Source records:
*** Begin section ***

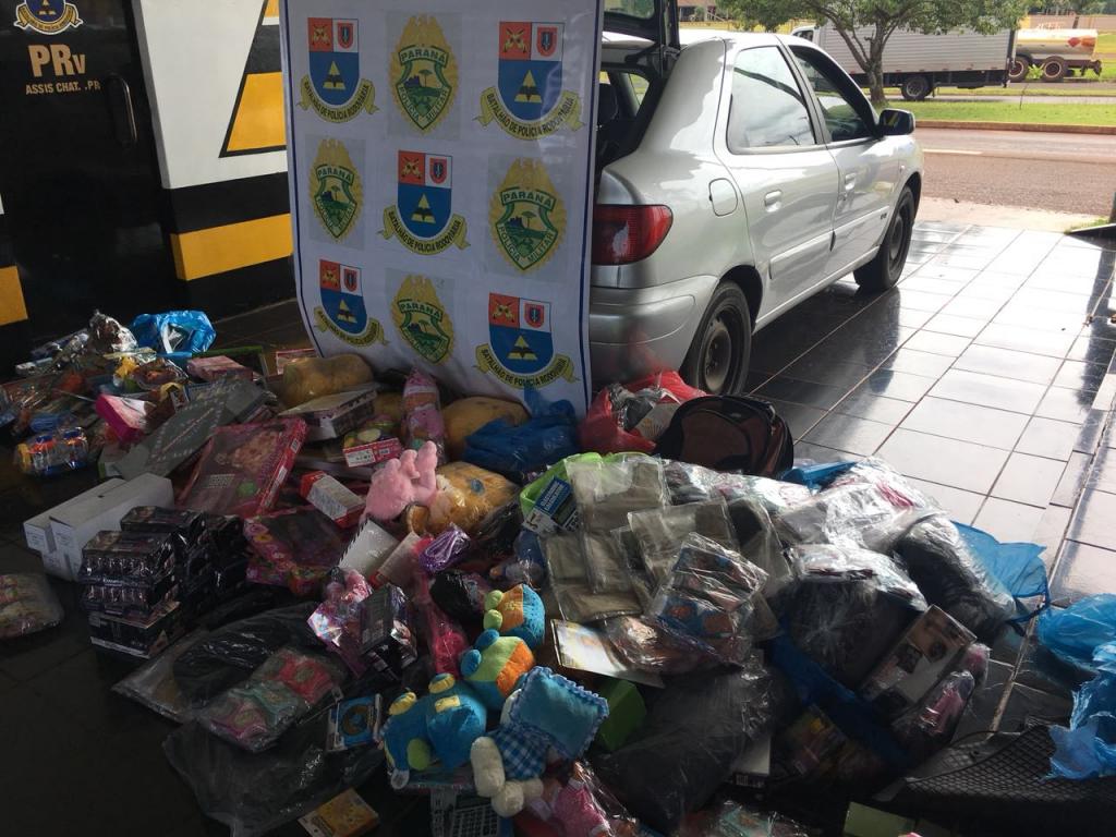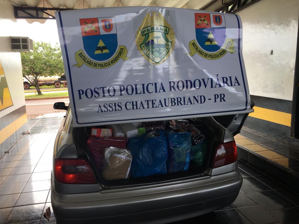 Na manhã desta sexta-feira (02), em operação de fiscalização na rodovia estadual PR-239, foi realizado abordagem ao automóvel Citroen Xsara GLX 1.6 placas DEC-4112 de Foz do Iguaçu, conduzido por uma senhora 59 anos, tendo como seu passageiro o filho da condutora, após fornecer a CNH para verificação, foi constatado que no interior do veículo haviam mercadorias (brinquedos, maquiagens, vestuário), onde a condutora não apresentou a devida declaração, relatando que saiu de Foz com destino a Umuarama onde faria a entrega das mercadorias. Diante dos fatos o veículo a mercadoria e as duas pessoas foram encaminhados ao Posto de Polícia Rodoviária Estadual de Assis Chateaubriand para confecção de documentos. Posteriormente o veículo e a mercadoria contrabandeada foram encaminhados para Delegacia da Receita Federal de Cascavel.
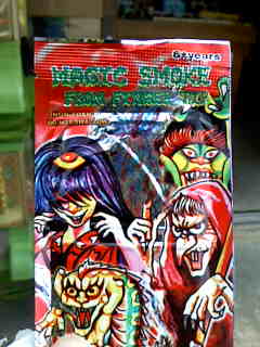 homaharu達が買い物中に、実はppも買い物♪ お目当ては、”おばけけむり” 子供の頃、指につけてこすると煙が出てくるヤツ。 まだあるのかなー !発見~! 10円。外国製。日本製よりも容量が多いのでこっちに。 この安っぽいオドロオドロしいのがタマらんす。 早速、子供の前でやってみる。 やはり好評! いつの時代も子供が好きなものは変わらないのね。 homaもやってみる。簡単簡単♪ 写真に写らん・・・。 昔と値段が変わらないのがウレシイね。
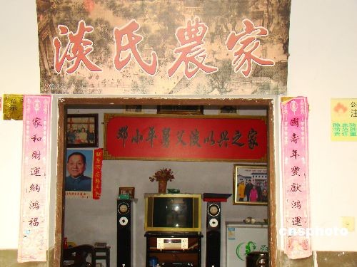 改革開放三十年來,中國改革開放總設(shè)計(jì)師鄧小平故里四川廣安牌坊村發(fā)生了巨大變化。牌坊村黨支部書記鄧治君說,目前牌坊村正在成為集教育、觀光、會議、休閑為一體的紅色旅游與現(xiàn)代農(nóng)業(yè)旅游基地。圖為鄧小平舅父談以興家開設(shè)的農(nóng)家樂,名為“淡氏農(nóng)家”。中新社發(fā) 王萌 攝
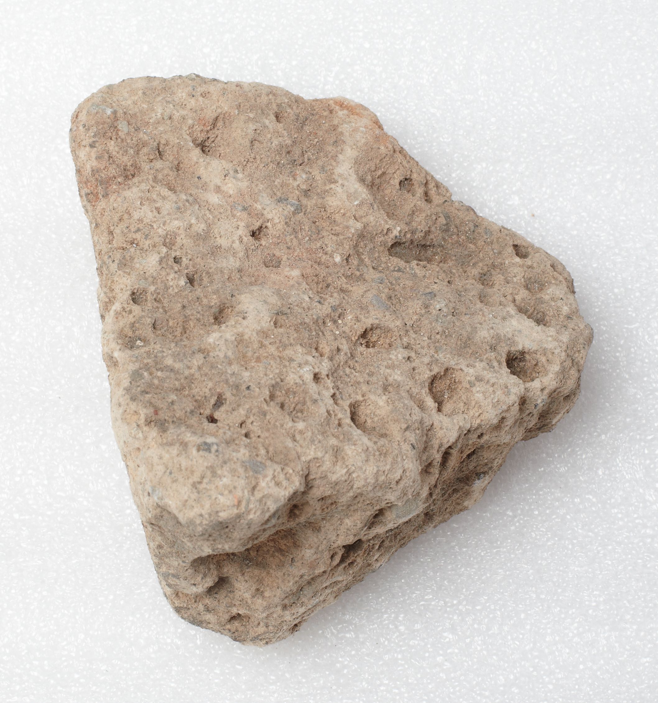 "Fragment af frådsten med en glathugget langside. (8,5 x 15,5 x 14,1 cm)"
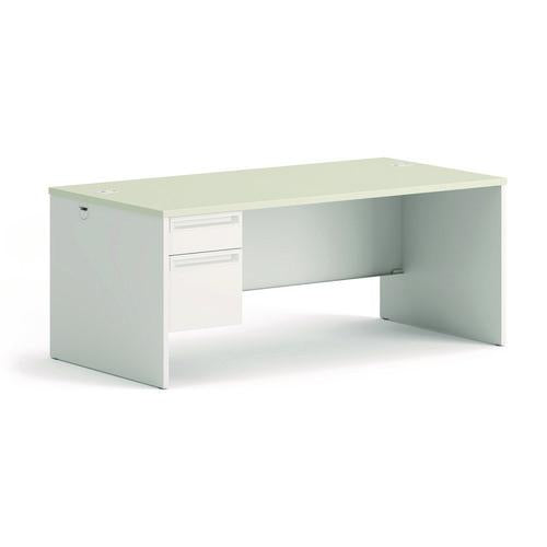 High-pressure laminate top is moisture-, scratch- and stain-resistant. Tru-fit mitered drawers operate on heavy-duty steel ball bearing suspensions. High-sided file drawer extends fully and accepts hanging files without hang rails; box drawer extends three-quarters. HON® "One Key" core removable locks. Two work surface grommets help control cord and wires. Three-quarter height modesty panel for privacy.
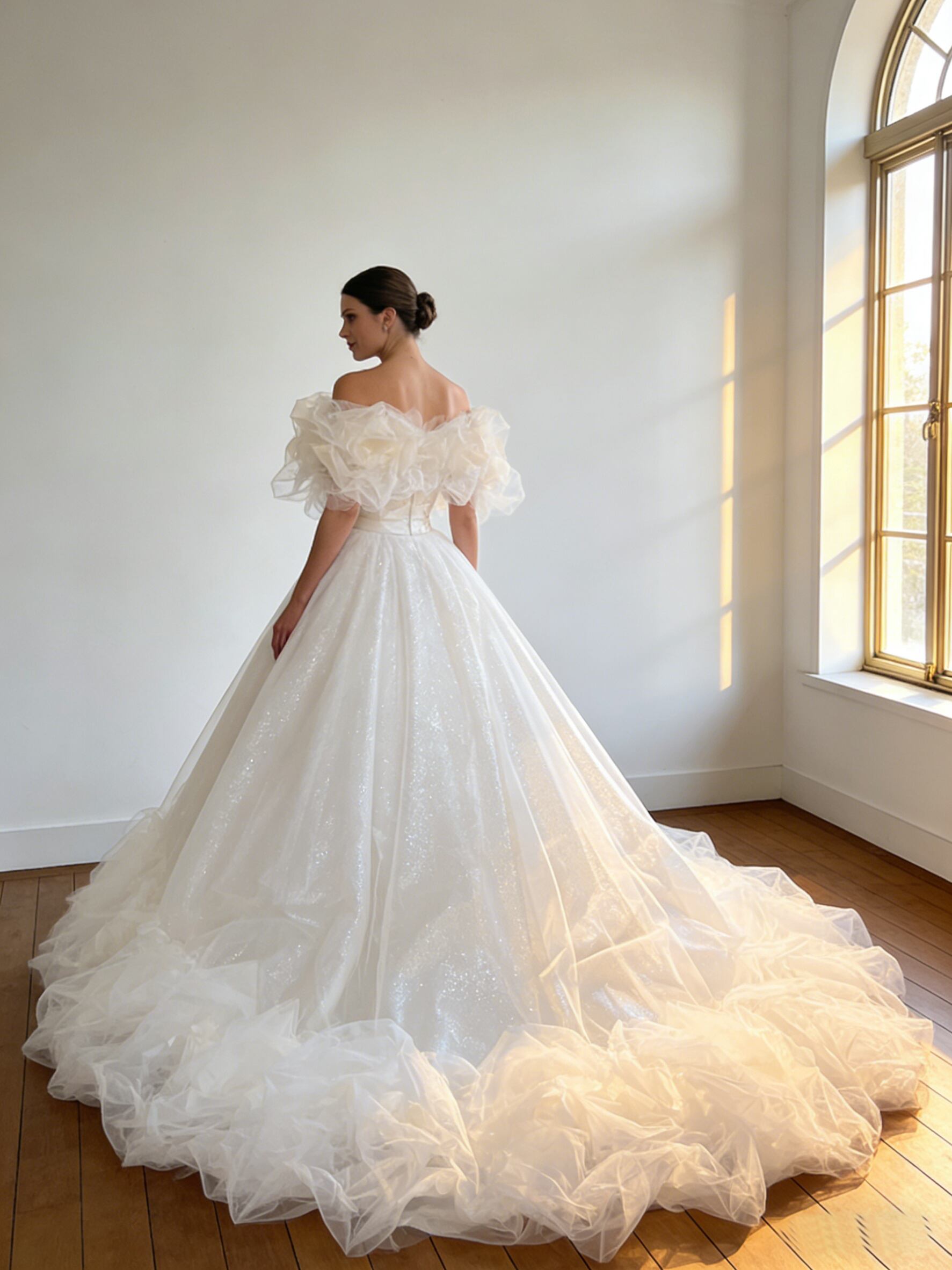 ウエディングドレス オフホワイト オフショルダー フリルトレーン 憧れのドレス ブライダル
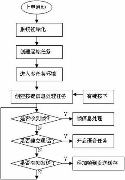 當(dāng)手持設(shè)備上電啟動后,其工作流程如圖7示。首先進(jìn)行的是系統(tǒng)的初始化,包括處理器初始化,操作系統(tǒng)mC/OS-II初始化,LCD,鍵盤,射頻模塊等的初始化。之后建立起始任務(wù)并通過OSStart()函數(shù)進(jìn)入多任務(wù)環(huán)境。此時起始任務(wù)占用CPU資源,在起始任務(wù)中,建立按鍵信息處理任務(wù)并通過信號量機(jī)制掛起。然后判斷是否收到來自無線語音網(wǎng)關(guān)的幀,如果有,調(diào)用frame_deal()函數(shù)處理幀信息,在該函數(shù)中調(diào)用call_command_deal()完成無線網(wǎng)內(nèi)部會話信令的處理。接著判斷通話是否建立,如果建立則創(chuàng)建語音任務(wù),在語音進(jìn)程中使能PCM編解碼芯片,并進(jìn)行g(shù).726壓縮編碼。最后判斷是否有幀需要發(fā)送給無線語音網(wǎng)關(guān),如果有則把幀添加到發(fā)送緩存,等待發(fā)送時隙到來。這一過程完成以后重新跳到判斷是否收到來自無線語音網(wǎng)關(guān)的幀,重復(fù)以上過程。如果有鍵盤中斷,將會釋放一個信號量,該信號量將解掛按鍵信息處理任務(wù)。該任務(wù)對鍵盤輸入信息進(jìn)行處理。
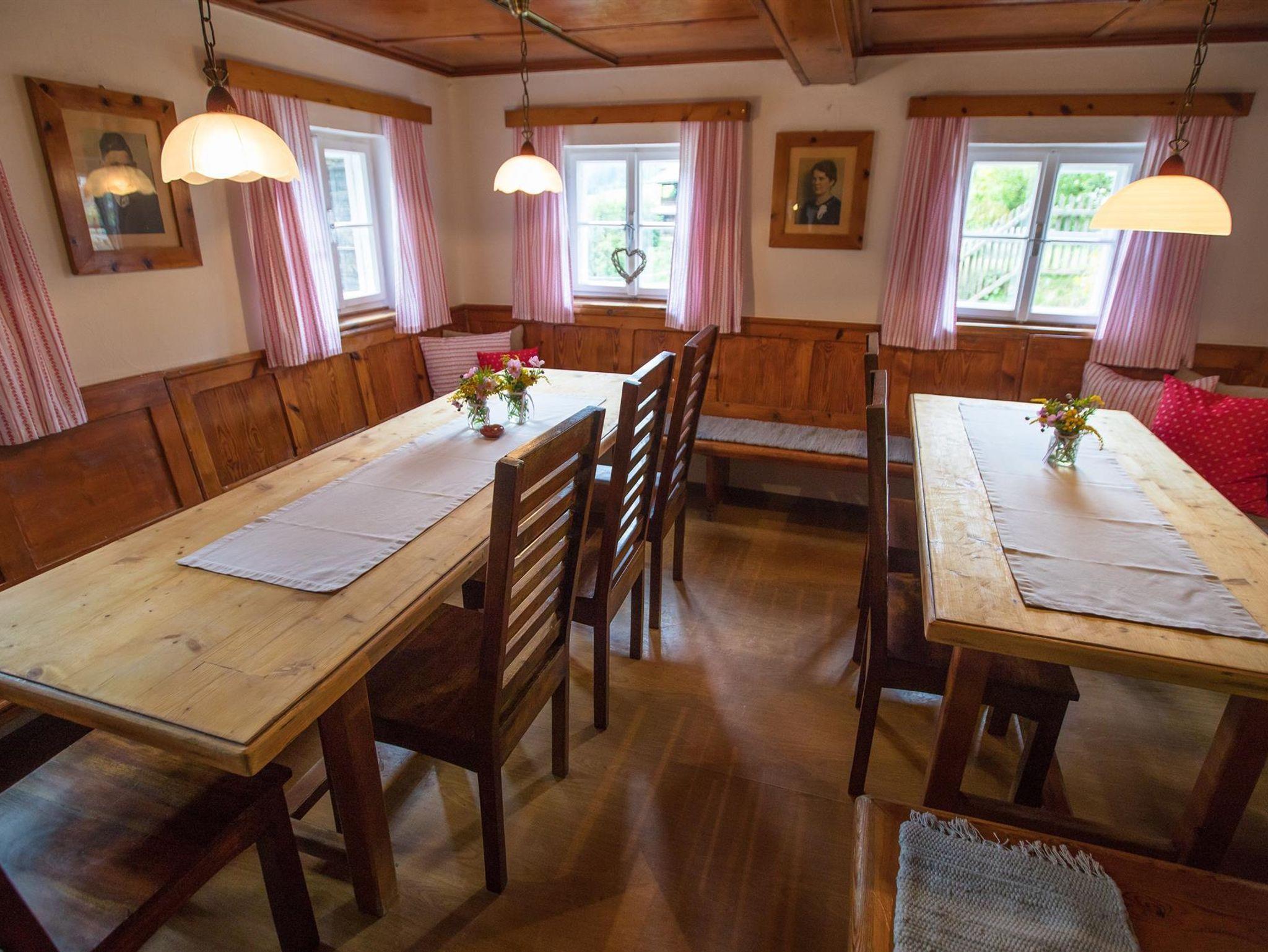 Die Stube im Erdgeschoss ist mit einem gemütlichen Kachelofen ausgestattet und hat zwei große Tische.

*** End section ***

• **WHAT YOU HAVE TO DO**:
The task calls for every line of the data to be returned exactly, without pictures.

• **REPLY TO THE TASK**:
 Na manhã desta sexta-feira (02), em operação de fiscalização na rodovia estadual PR-239, foi realizado abordagem ao automóvel Citroen Xsara GLX 1.6 placas DEC-4112 de Foz do Iguaçu, conduzido por uma senhora 59 anos, tendo como seu passageiro o filho da condutora, após fornecer a CNH para verificação, foi constatado que no interior do veículo haviam mercadorias (brinquedos, maquiagens, vestuário), onde a condutora não apresentou a devida declaração, relatando que saiu de Foz com destino a Umuarama onde faria a entrega das mercadorias. Diante dos fatos o veículo a mercadoria e as duas pessoas foram encaminhados ao Posto de Polícia Rodoviária Estadual de Assis Chateaubriand para confecção de documentos. Posteriormente o veículo e a mercadoria contrabandeada foram encaminhados para Delegacia da Receita Federal de Cascavel.
 homaharu達が買い物中に、実はppも買い物♪ お目当ては、”おばけけむり” 子供の頃、指につけてこすると煙が出てくるヤツ。 まだあるのかなー !発見~! 10円。外国製。日本製よりも容量が多いのでこっちに。 この安っぽいオドロオドロしいのがタマらんす。 早速、子供の前でやってみる。 やはり好評! いつの時代も子供が好きなものは変わらないのね。 homaもやってみる。簡単簡単♪ 写真に写らん・・・。 昔と値段が変わらないのがウレシイね。
 改革開放三十年來,中國改革開放總設(shè)計(jì)師鄧小平故里四川廣安牌坊村發(fā)生了巨大變化。牌坊村黨支部書記鄧治君說,目前牌坊村正在成為集教育、觀光、會議、休閑為一體的紅色旅游與現(xiàn)代農(nóng)業(yè)旅游基地。圖為鄧小平舅父談以興家開設(shè)的農(nóng)家樂,名為“淡氏農(nóng)家”。中新社發(fā) 王萌 攝
 "Fragment af frådsten med en glathugget langside. (8,5 x 15,5 x 14,1 cm)"
 High-pressure laminate top is moisture-, scratch- and stain-resistant. Tru-fit mitered drawers operate on heavy-duty steel ball bearing suspensions. High-sided file drawer extends fully and accepts hanging files without hang rails; box drawer extends three-quarters. HON® "One Key" core removable locks. Two work surface grommets help control cord and wires. Three-quarter height modesty panel for privacy.
 ウエディングドレス オフホワイト オフショルダー フリルトレーン 憧れのドレス ブライダル
 當(dāng)手持設(shè)備上電啟動后,其工作流程如圖7示。首先進(jìn)行的是系統(tǒng)的初始化,包括處理器初始化,操作系統(tǒng)mC/OS-II初始化,LCD,鍵盤,射頻模塊等的初始化。之后建立起始任務(wù)并通過OSStart()函數(shù)進(jìn)入多任務(wù)環(huán)境。此時起始任務(wù)占用CPU資源,在起始任務(wù)中,建立按鍵信息處理任務(wù)并通過信號量機(jī)制掛起。然后判斷是否收到來自無線語音網(wǎng)關(guān)的幀,如果有,調(diào)用frame_deal()函數(shù)處理幀信息,在該函數(shù)中調(diào)用call_command_deal()完成無線網(wǎng)內(nèi)部會話信令的處理。接著判斷通話是否建立,如果建立則創(chuàng)建語音任務(wù),在語音進(jìn)程中使能PCM編解碼芯片,并進(jìn)行g(shù).726壓縮編碼。最后判斷是否有幀需要發(fā)送給無線語音網(wǎng)關(guān),如果有則把幀添加到發(fā)送緩存,等待發(fā)送時隙到來。這一過程完成以后重新跳到判斷是否收到來自無線語音網(wǎng)關(guān)的幀,重復(fù)以上過程。如果有鍵盤中斷,將會釋放一個信號量,該信號量將解掛按鍵信息處理任務(wù)。該任務(wù)對鍵盤輸入信息進(jìn)行處理。
 Die Stube im Erdgeschoss ist mit einem gemütlichen Kachelofen ausgestattet und hat zwei große Tische.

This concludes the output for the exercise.